ぼくは、もっとずっときみとお話してたかったけど、お空にお星さまが出てくるころには、いつもの野原のぼくの場所で『おやすみ』してた。
きみのところは、草が《ふわふわ》じゃなくて、ちょっと《ちくちく》したから…。
ぼくは、もっとずっときみと一緒に居られるには…?って考えた。
考えて…、野原のぼくの場所にきみと一緒に帰ることにした。
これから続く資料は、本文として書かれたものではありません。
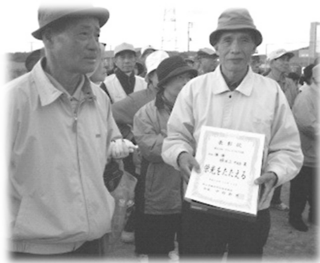
(横井学区体育協会主催)

行楽日和の晴天の中、小学生からお年寄りまで元気はつらつ頑張りました。各町内会より2チーム12名が参加し、少し寒い風の強い雨上がりの上々のコンディションの中で8:40プレー開始で行われました。2ゲーム16ホールで横井上チームは優勝、個人では優勝と3位入賞と、横井上町民皆様の応援のお蔭と感謝しております。詳細は次のとおり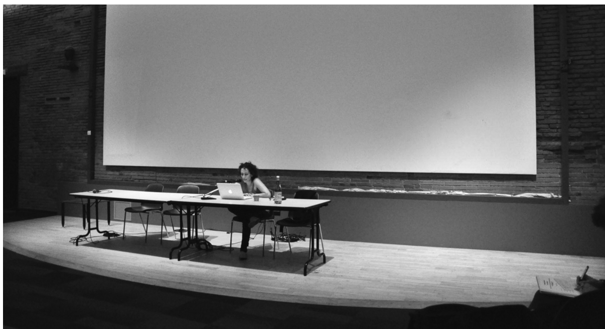
Albertina Carri durante la conferencia del 30 de marzo de 2012, sala Sénéchal en Toulouse, coloquio internacional "De cierta manera", Identités plurielles et normes de genre dans les cinémas latino-américains .

Albertina Carri, pendant la conférence du 30 mars 2012, salle du Sénéchal à Toulouse, colloque international "De cierta manera", Identités plurielles et normes de genre dans les cinémas latino-américains .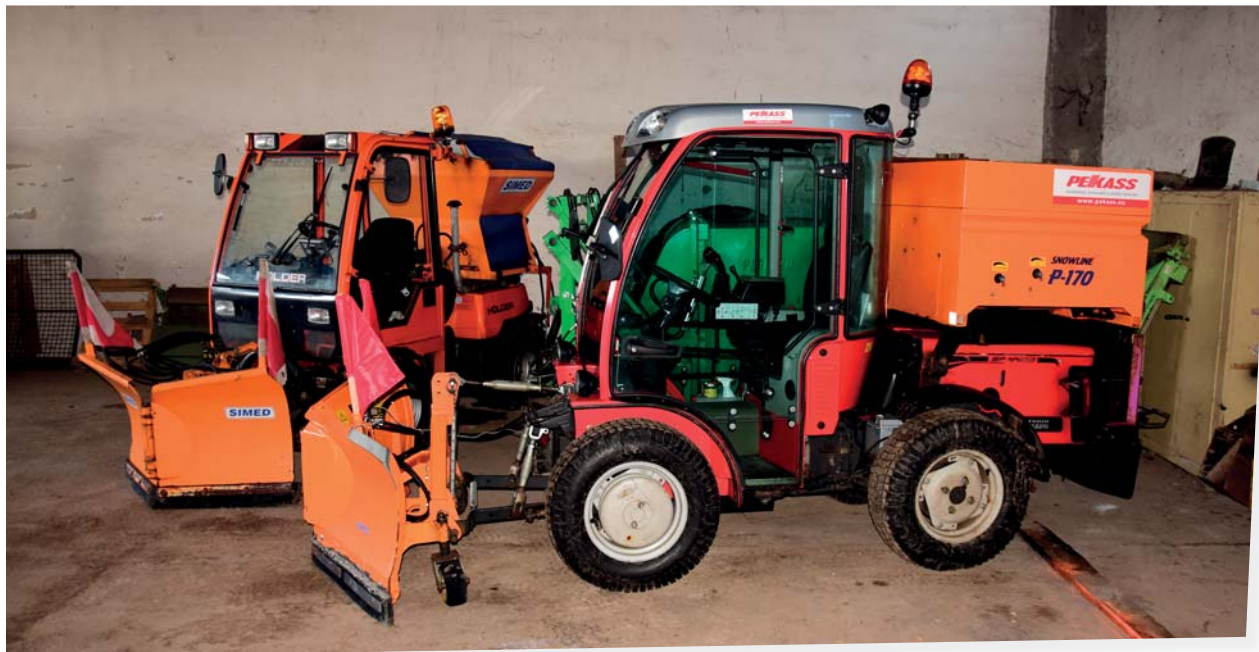
Zhruba o šedesát kilometrů chodníků se po celý rok starají univerzální nosiče nářadí Antonio Carraro a Holder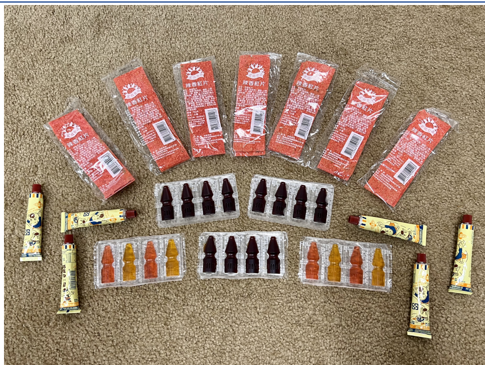
克里夫蘭中文書院2022學年度國際數位學伴計畫3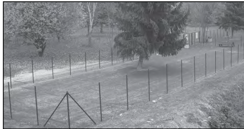
Giardino Pubblico: spazio attività motoria cani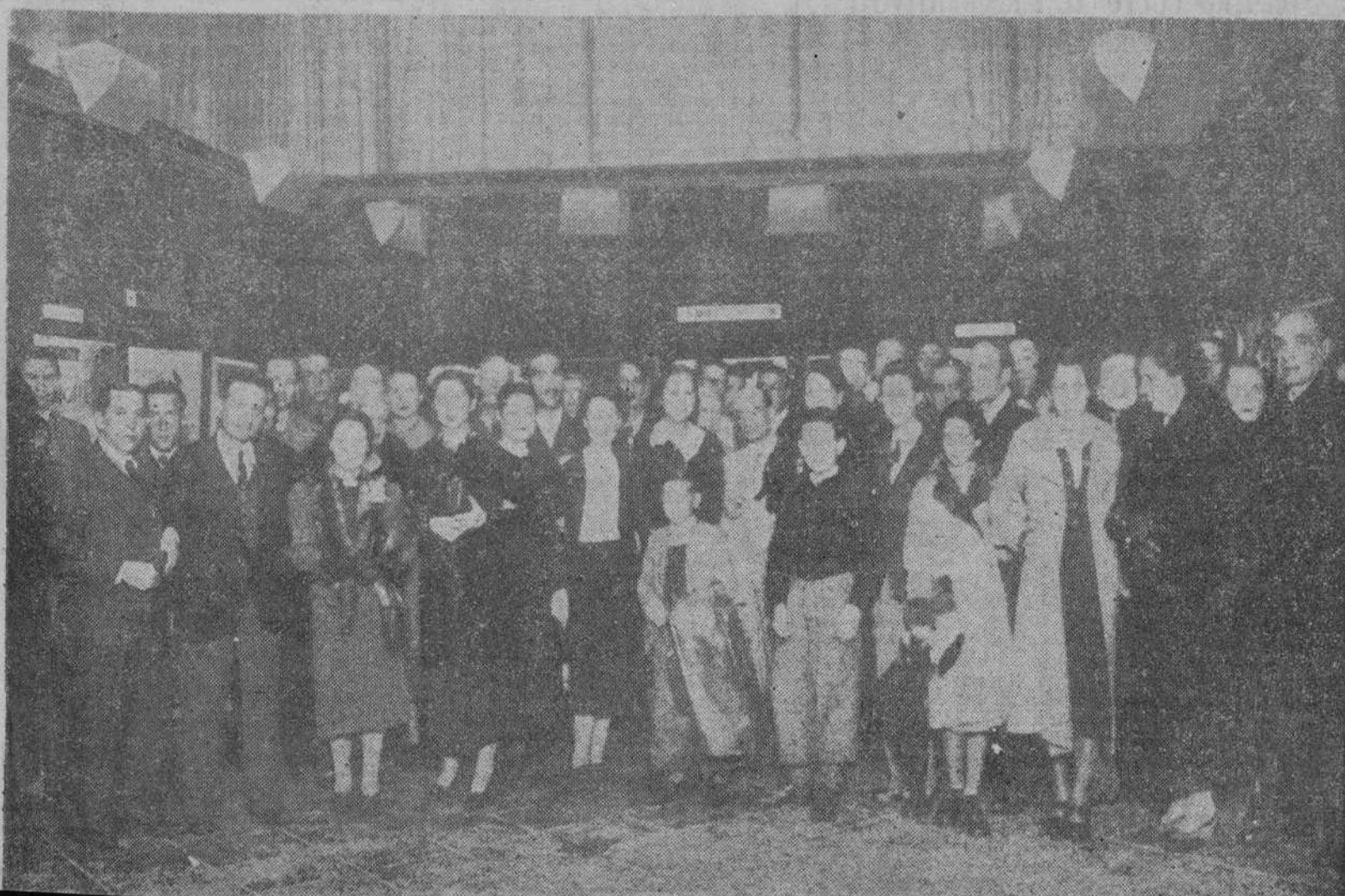
Acto de la clausura oficial de la Exposición de carteles anunciadores de los acreditados CUBITOS DE CALDO "CALDOLLA" que con tanto éxito ha vendido celebrándose durante diez días, en los salones de las Galerias Layetanas

そしたら、きみとずっとずーっとお話できるよね。
お空にお星さまが出てくるころになっても、一緒に『おやすみ』できるんだ。
きみだってちょっと《ちくちく》するところじゃなくて、《ふわふわ》のところで『おやすみ』できるんだもんね。
きみは、嬉しそうに、優しくゆらゆら揺れてくれた。
ぼくは、そこに一つでポツンと立っているきみのこと、優しくそっとぬいてあげて、いつもの野原のぼくの場所に一緒に帰っていったんだ。

「あした、またいっぱいお話しようね」
きみをぼくの鼻先の《ふわふわ》の草ところにゆっくり下ろしてあげた。
ぼくときみは一緒に『おやすみ』したんだ。


ー“大好き5”へ続くー

『大好き』3

(これは物語です)

「1.わんこ」

ー3.きみとぼく1ー

ぼくは、毎日、いつも、きみのところにお話に行った。
「今日ね、ちょちょさんがお鼻にきてね、ムズムズしたから、
《ふんっ》ってしたらね、ちょちょさん、飛んでちゃった!」
きみは、ゆらゆら楽しそうにゆれてくれてた。
「あのね、お魚、あそこのお池にいっぱいいるんだよ」
きみは、《ふーん》っていうみたいにお池の方みて、体を伸ばしてるみたい。
「ねぇ、ねぇ、さっきね、ぼくと同んなじなのに大きな体したわんこが
いつもの野原の端っこでゴロってしてたよ!」
きみは、ちらっとあっちを見てた。
「ぼくね、早くここに来たくて走ってたからけとばしそうになっちゃった!」
きみは、ゆらゆら嬉しそうにゆれてくれた。

きみは、毎日、いつも、ぼくのお話をきいてくれた。
ぼくは、きみとお話してるとき、いつも鼻先が《くすっ》とした。